The growth of the global economy may have slowed recently, but don’t expect the business payments industry to miss a beat. The drive toward payments systems modernization, or digital transformation as some call it, is still on. However, I would argue that the urgency of the business case for modernization has changed. It’s not just about payments anymore. Payment systems modernization is having its reckoning with fraud and financial crime.
The way I see it there are three drivers behind this urgency.
First is the continuing lag of companies that are still operating legacy payments systems on-premises, which are expensive to maintain and cause potential security risks if the latest software release or security patches are not installed.
Second: Speed. Real-time settlements and instant payments, and the ability to secure them, depend on a scalable digital infrastructure supporting the required bandwidth and capacity to handle an exponential increase in speed and data.
Third: ISO 20022 native message formatting carries with it rich information sets that can help in the fight against fraud. Or look at it this way, your first smartphone probably came with new bells and whistles, discounts and a good dose of cool factor. But what if you hung onto that smartphone long past its ability to handle software updates? And what if that old phone had a cracked screen and you kept putting off its repair?
You probably wouldn’t do that. Whether you’re an IT leader or a fraud investigator, you have a stake in moving past the old version of your payments and fraud infrastructure. To quote Bottomline’s most recent Payments Barometer report, which surveyed 1,600 finance leaders in both the US and Great Britain (GB), security and fraud prevention are in the top five drivers of change (2 in US; 5 in GB) for 2022. In GB, 29% of respondents had been impacted by fraud, compared with 37% in the US.
Innovation and risk
Payment systems modernization either represents innovation for companies that have not yet started their digital journey or want to continue it. Either way, criminals match that speed of innovation, viewing it as an opportunity rather than an obstacle. So, it's critical to remain a step ahead. Fraudsters are more than happy to keep coming after your vulnerabilities due to outdated software. They’re constantly looking for new ways to hack real-time and instant payments as well as their associated settlements.
So let’s revisit my three drivers of change in payments systems modernization as they relate to fraud, with a look at the trouble that can arise for the unprepared:
- Legacy/OnPrem systems: Legacy payments systems are expensive to maintain and upgrade. Some software versions may no longer be supported by the solutions provider and updates are not provided. Security patches to fight new fraud vectors may not be compatible with older installations. An example of a critical vulnerability incident was found recently in Log4j, an open-source logging library commonly used by apps and services across the internet. Bottomline was able to resolve it for its customers through a security patch before attackers stole passwords and logins, extracted data, and infected networks with malicious software. Software updates, by the way, may address new fraud typologies, best practices, regulatory requirements, or industry standards.
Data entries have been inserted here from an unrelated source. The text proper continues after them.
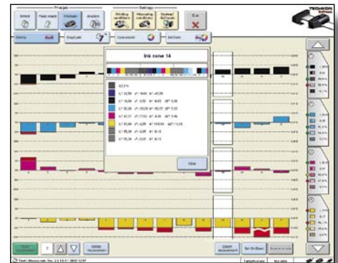
Complete information at a glance!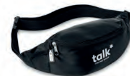
Hulabag MO6213 Fanny bag in 210D RPET with zippered main compartment and adjustable waist strap.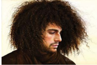
SIXTEEN LIVES IN THE WIND (2016)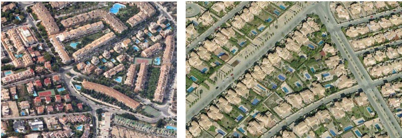
Fig. 10: Discontinuous urban fabric surface in Alicante and Murcia outskirts.

The influence of the new city on public spaces is quite important in we consider two circumstances: on the one hand these type of urbanizations do not have any public space as the inhabitants choose these houses because they have their own private free space in the interior of their plot and, on the other hand because less citizens need to use public space in the central city or in nearby neighborhoods.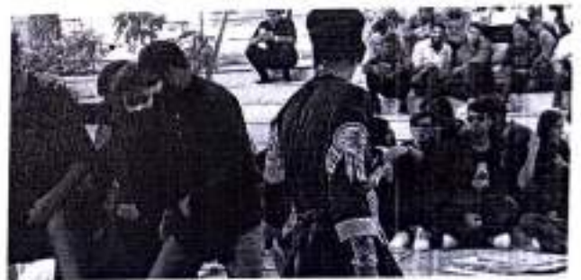
Street play by students of MBA on Aids awareness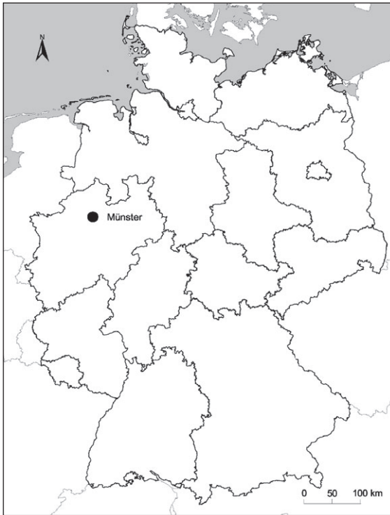
Fig. 1. Location of the study area in northwestern Germany.

is seldomly observed because of its inconspicuousness in the treetops (Thomas 1974). In addition, females regularly feed on plant nectar (Bourn & Warren 1998). The fecundity of females is linearly correlated with the longevity of the individual. The highest realised fecundity observed by Thomas (1974) was by a female that lived 39 days and laid 147 eggs.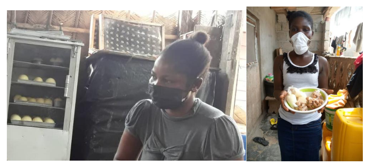
Figure 9 Baking products getting ready for the market

responded that they had been able to buy additional equipment to supplement the starter packs given to them by SFMP. In terms of support, five beneficiaries (21%) stated they needed financial capital to expand their business. The rest indicated that because they were just starting up, they did not have any immediate needs.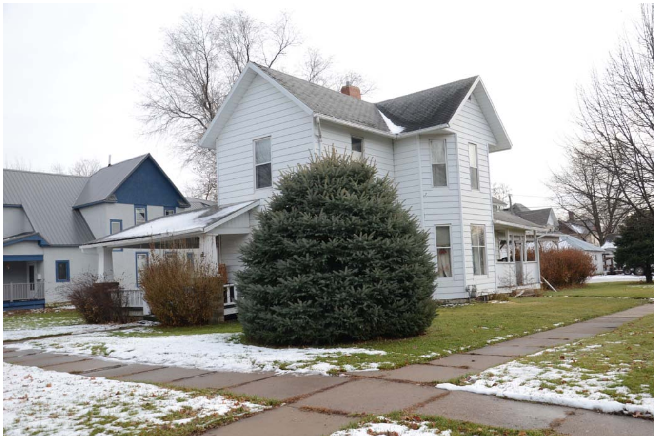
Photograph 92-00372-002 - House, looking southeast (December 2014)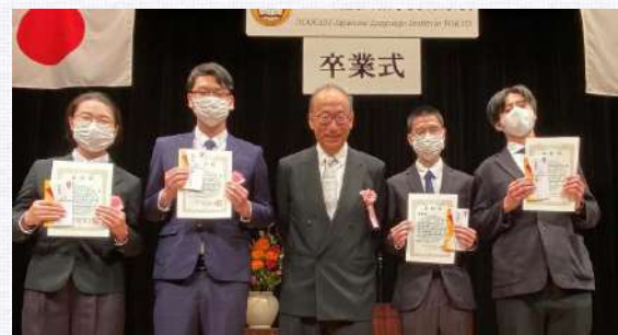
Prize for perfect attendance

This was the first time in three years that we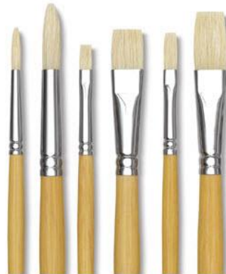
Large Set (enlarge)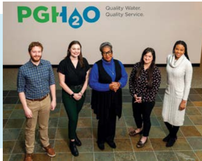
The PGH2O Cares team builds awareness and enrolls income-eligible customers in our financial assistance programs.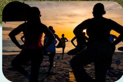
Antigua & Barbuda

- Real-time payments and settlements: Whether you call them real-time, faster or instant payments, this innovation is finding traction. Again from the 2022 Payments Barometer, 60% of companies in the US are using them, trailed by 48% in GB. For systems that have moved to the cloud, a hybrid cloud or another digital infrastructure, real-time payments need to be matched by real-time fraud detection and prevention. The speed of the payment is the main value prop. Another is confirming funds are being sent to the right person/organization (confirmation of payee) to prevent certain types of authorized push payments fraud as well as misdirected payments. However, fast means forever. Real-time payments are irreversible. Without a modernization approach, your fraud investigation team will be left with very few recovery options and your IT teams will need to deal with higher security and vulnerability risk.
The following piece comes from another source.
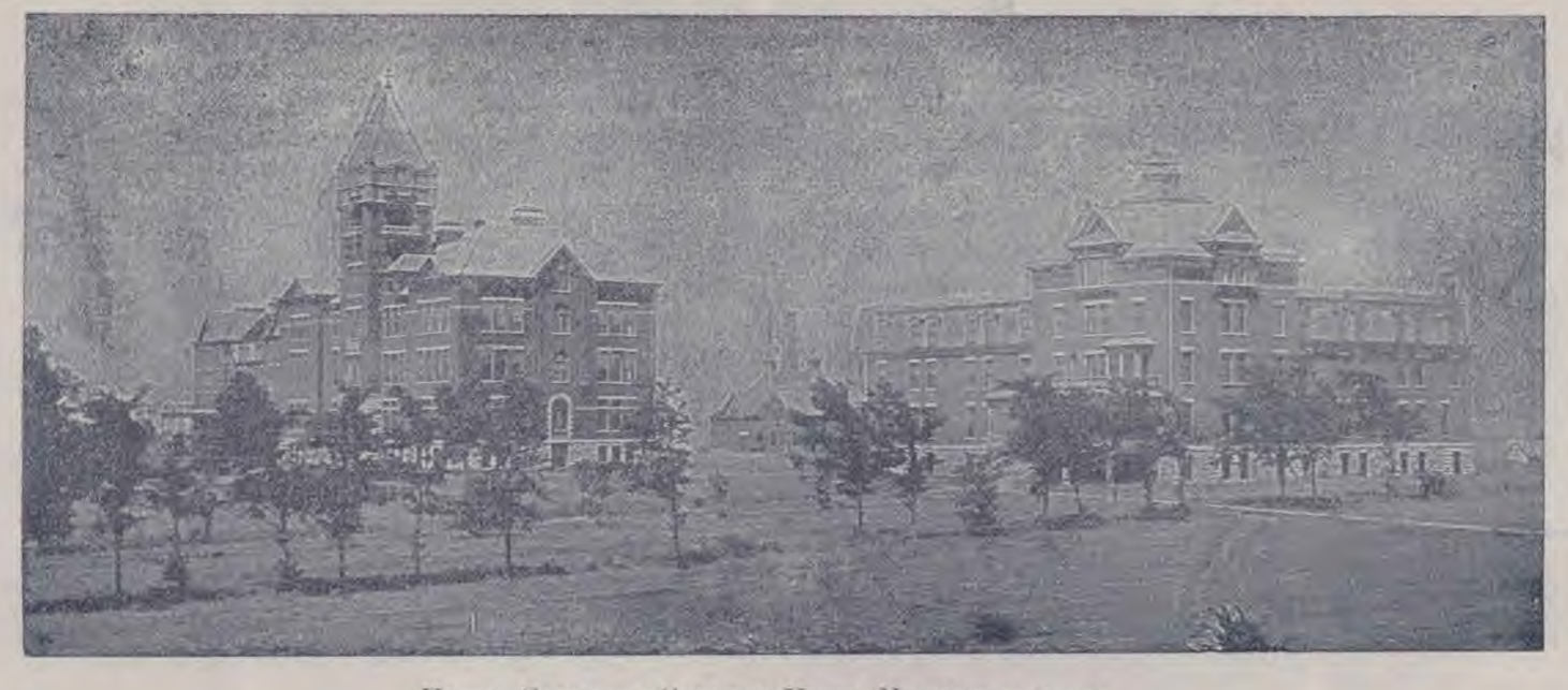
UNION COLLEGE, COLLEGE-VIEW, NEBRASKA, U.S.A.

This college was founded in 1891 for the purpose of training young men and women for Missionary work. The founders of this institution had a firm belief in the near coming of Christ and it was their object to establish an institution where young men and women might receive a preparation which would enable them to carry the good news of the Coming of Christ to various parts of the world. Since its opening to the present time, the school has enjoyed a good patronage and there are to-day scores of young men and women in various parts of the world who received a Bible education within its walls and are doing what they can to present the Present Truth in many lands. This with its colleagues in America, England, Australia, South Africa, and even the Islands of the sea, is doing yeoman service in training young people to give the special gospel call—Christ's Second Coming.

- ISO 20022: ISO’s structure includes so much data that companies who are moving past simple adoption and into the more advanced “native” phase will create a whole new data ecosystem. It will also demand a new approach to fraud analytics. Decision engines, risk assessments and alert thresholds will need to be reconfigured to work within milliseconds.
The Bottomline: The fix is in the cloud. Cloud-based software infrastructure – even hybrid cloud that takes a more modular approach – is no longer a nice to have for business payments and securing them. It’s a must. Cloud-based technology updates seamlessly, provides access to new features, scales easily and allows your company to move at the speed of payments as well as fraudsters. Payments systems modernization is fast approaching its intersection with fraud defenses. Companies who are prepared for that intersection will be driving through in a race car. Don’t be the company that drives through in a broken-down rust bucket.